Du consentement en recherche clinique : approche philosophique des enjeux éthiques et déontologiques
| Auteur / Autrice : | Margaux Illy |
| Direction : | Pierre Le Coz, Jean-Louis Mège |
| Type : | Thèse de doctorat |
| Discipline(s) : | Pathologie humaine. Ethique |
| Date : | Soutenance le 19/09/2019 |
| Etablissement(s) : | Aix-Marseille |
| Ecole(s) doctorale(s) : | École Doctorale Sciences de la vie et de la santé (Marseille) |
| Partenaire(s) de recherche : | Laboratoire : Anthropologie bio-culturelle, droit, éthique et santé (Marseille) - Méditerranée Infection |
| Jury : | Président / Présidente : Pierre-Yves Quiviger |
| Examinateurs / Examinatrices : Jean-Louis Mège, Pierre-Yves Quiviger, Marie-Geneviève Pinsart, Marta Spranzi, Isabelle Pariente-Butterlin | |
| Rapporteurs / Rapporteuses : Marie-Geneviève Pinsart, Marta Spranzi |
Mots clés
Mots clés contrôlés
Mots clés libres
Résumé
Le consentement à la recherche clinique est une idée nouvelle concernant une pratique ancienne. Dès ses premières heures, l’expérimentation humaine témoigne d’une propension sacrificielle qui a durablement jeté la suspicion sur la recherche biomédicale. Le procès de Nuremberg marque une rupture juridique et symbolique majeure qui inaugure l’éthique médicale moderne, centrée sur le respect de l’autonomie des personnes.
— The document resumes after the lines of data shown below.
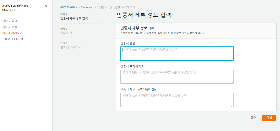그리고 AWS Certificate Manager에서 인증서 가져오기로 방금 인증서 정보들을 넣어준다.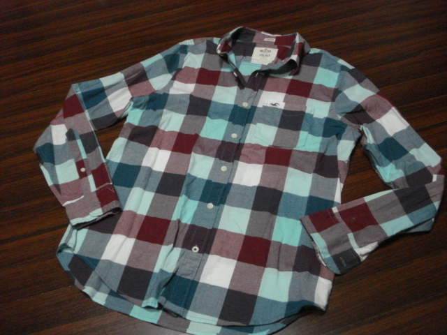 > ホリスターチェック柄長袖シャツ/水色赤/メンズ/L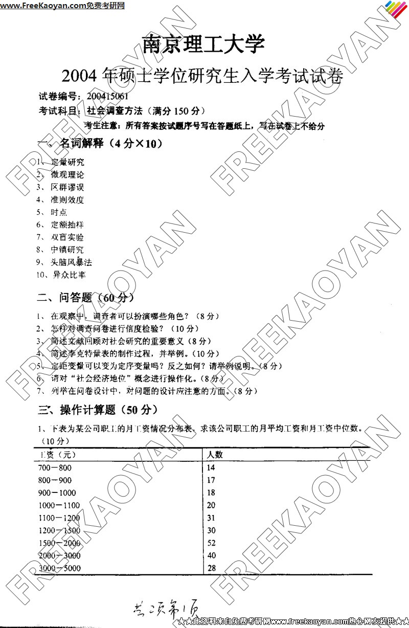 南京理工大学2004年半岛在线注册真题-社会调查方法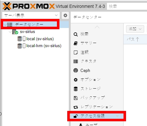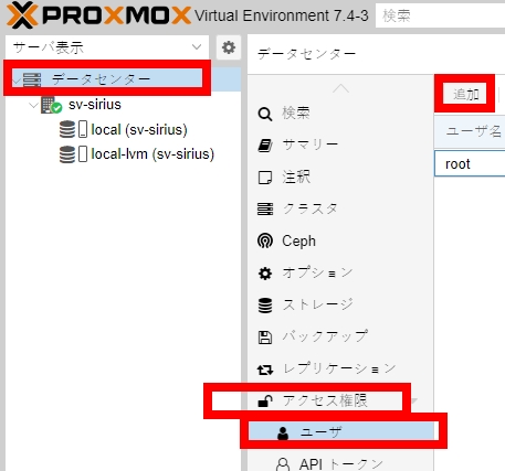 - Proxmox7.4のインストール後に行う初期設定(管理者ユーザー追加)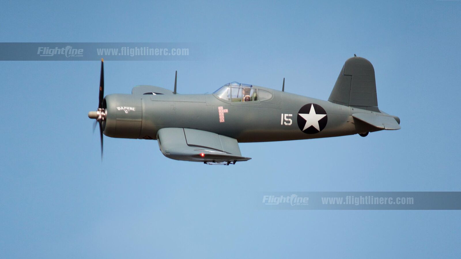 The FlightLine F4U Corsair stock PNP version is equipped with a 5055-390KV brushless outrunner motor and scale 3-blade propeller and 80A ESC. The specially molded large size propeller and all-new motor help power the Corsair through aerobatic maneuvers with ease while retaining a reasonable scale appearance. The model can cruise at ~40-50% throttle setting and loop consecutively at only 50%-60% throttle setting. Vertical performance is also excellent for a scale model this size! With the recommended Admiral 6S 5000mAh lipo battery, the F4U Corsair has a level top speed of 125kph/75mph, with 5-9 minutes of flight time depending on throttle management.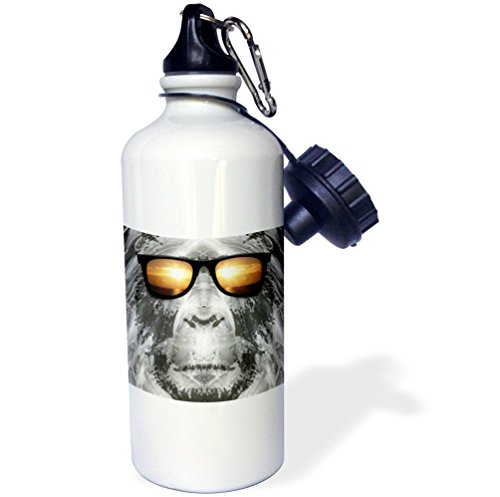 3dRose wb_19405_1 Bigfoot in Shades Bigfoot Or Sasquatch Is Pictured in Style Wearing Sunglasses Sports Water Bottle, 21 oz, White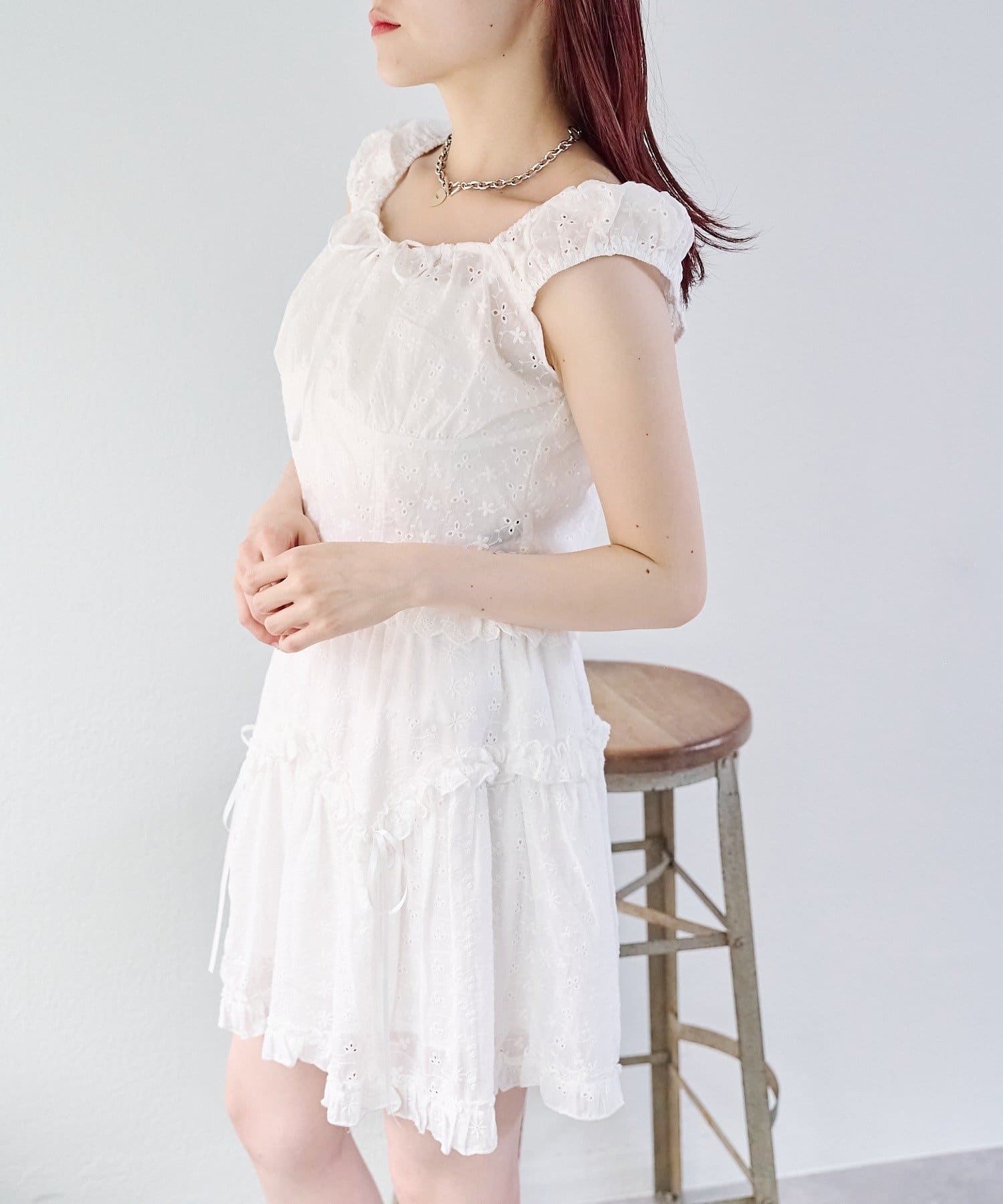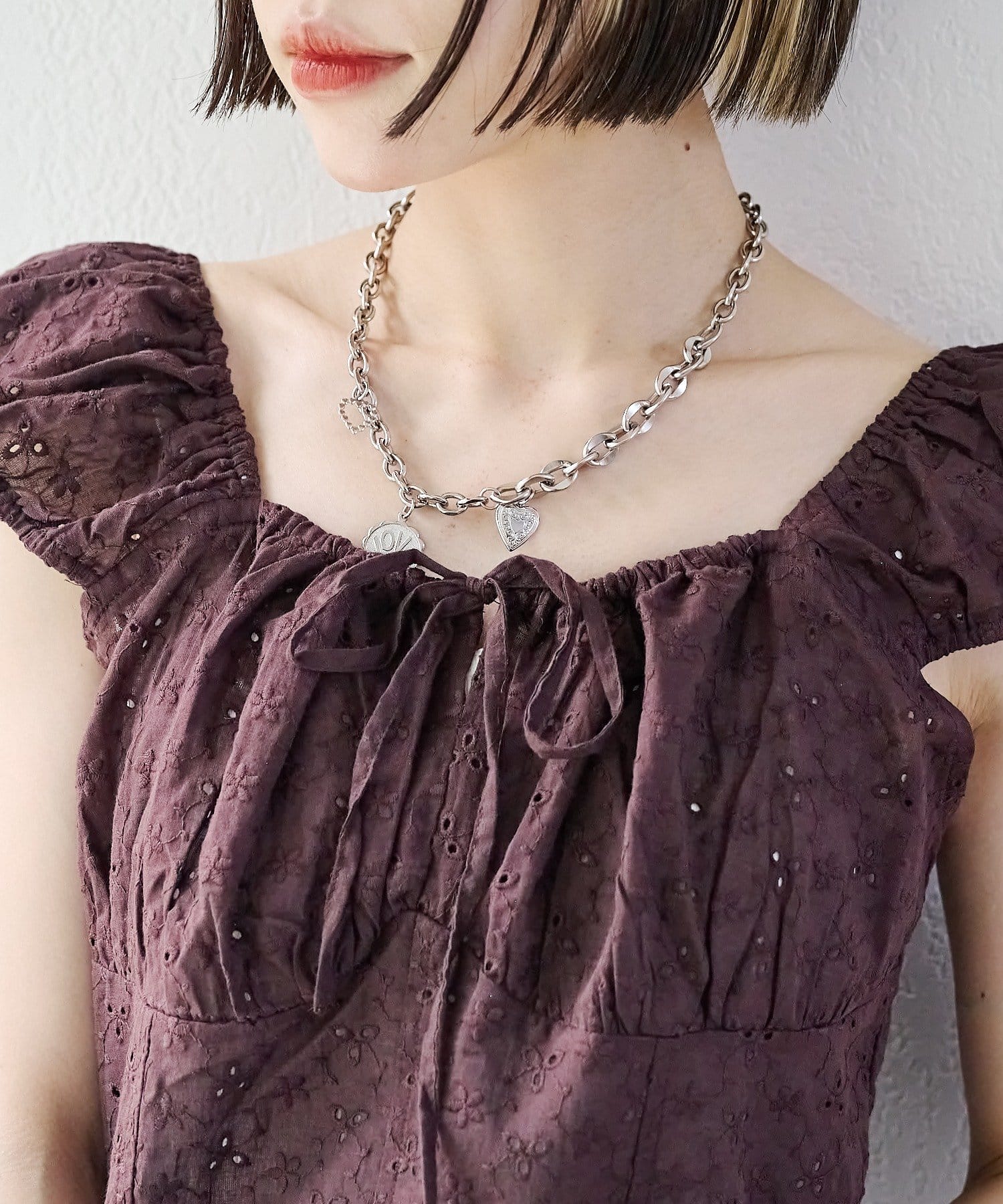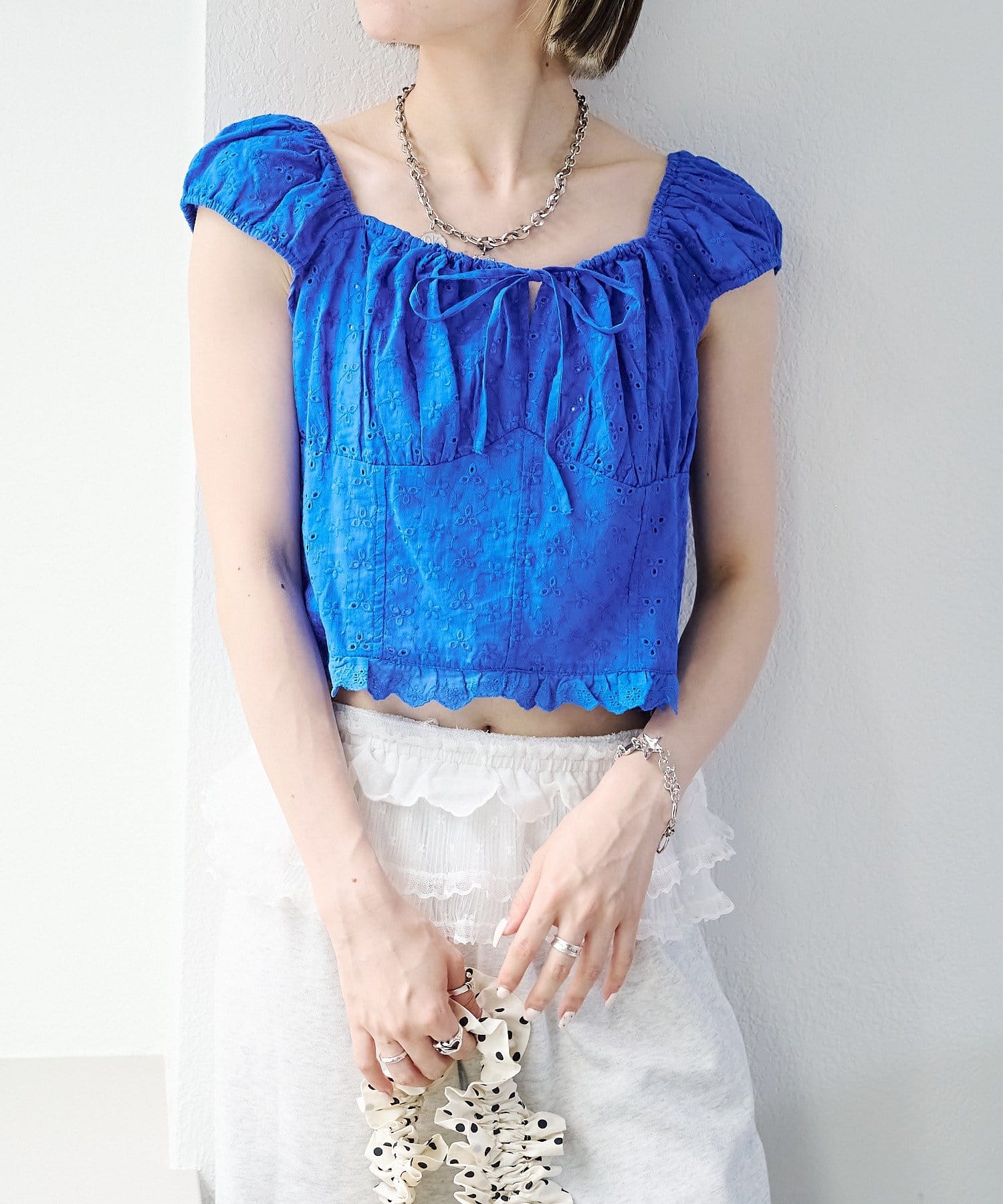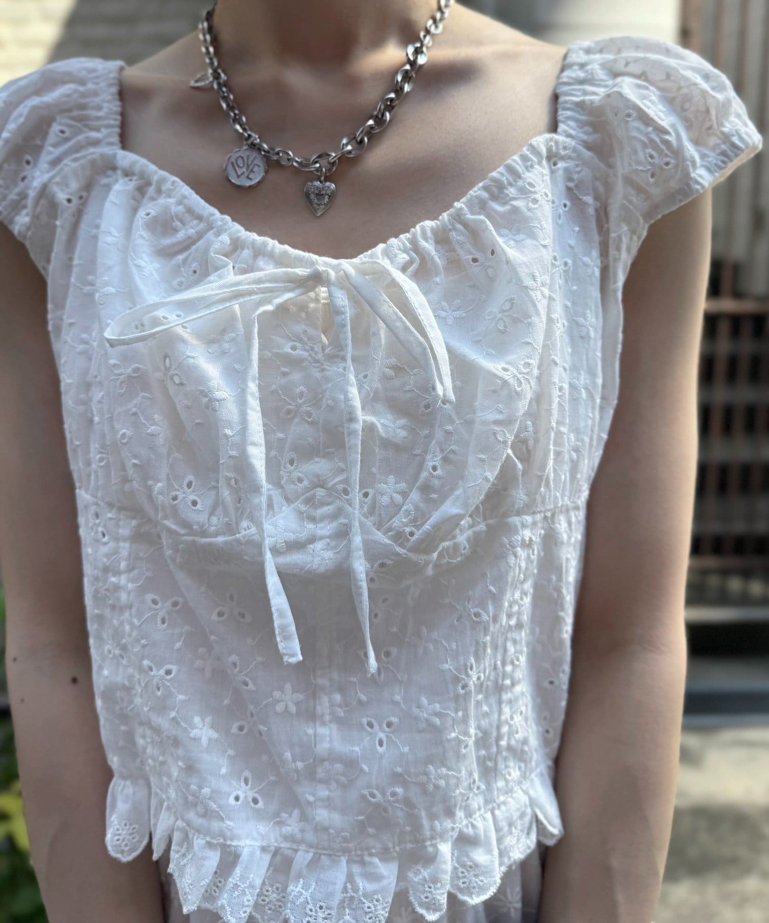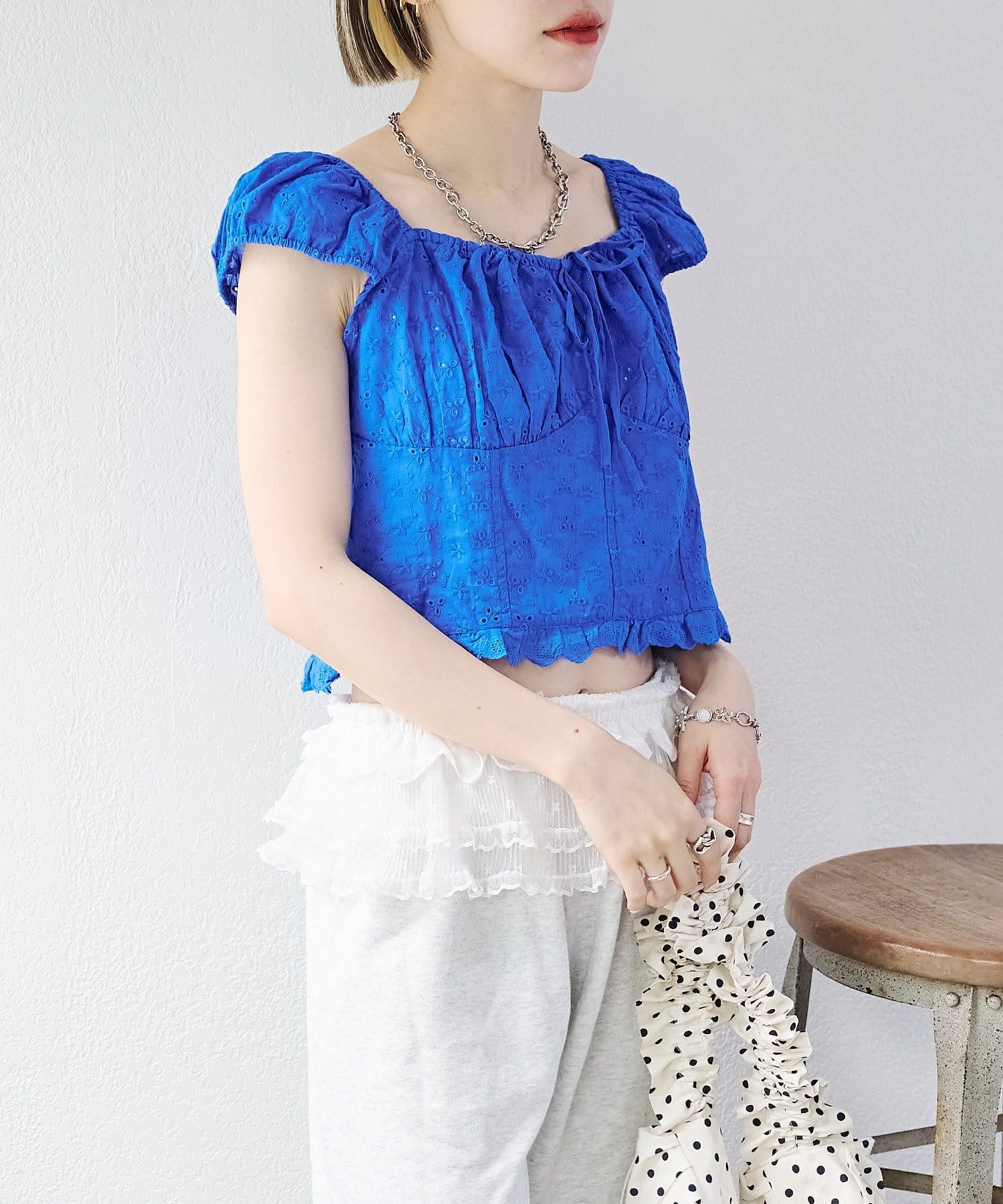 w closet(ダブルクローゼット) シフリーレースパフブラウス

Bien que l’arsenal juridique se soit consolidé en vue de rendre la recherche indépendante et impartiale, des questions philosophiques relatives au consentement continuent à se poser. Pour contribuer à leur élucidation, nous avons mené une enquête qualitative auprès de volontaires malades. Leurs récits révèlent les paradoxes d’une liberté sous influence, les difficultés de l’information et l’importance de la confiance mutuelle. La doctrine paternaliste, sous couvert de bienfaisance, a longtemps conféré au praticien une forme de suprématie douteuse où la « confiance » (régressive) du patient était censée dispenser le médecin de lui demander un consentement libre et éclairé. Elle est aujourd’hui un état d’esprit du patient fondée sur la transparence et l’intégrité du médecin-chercheur. Nous avons alors interrogé des professionnels concernant leur rôle dans le processus de consentement, ainsi que leur rapport personnel à la déontologie. Cette étude fait apparaitre un réel souci des investigateurs d’agir en accord avec leur conscience et avec un sens aigu de leur responsabilité morale, bien qu’étant également exposés à des influences diverses opacifiant leurs motivations et leur rapport à la liberté. Il en ressort un certain nombre d’apories philosophiques.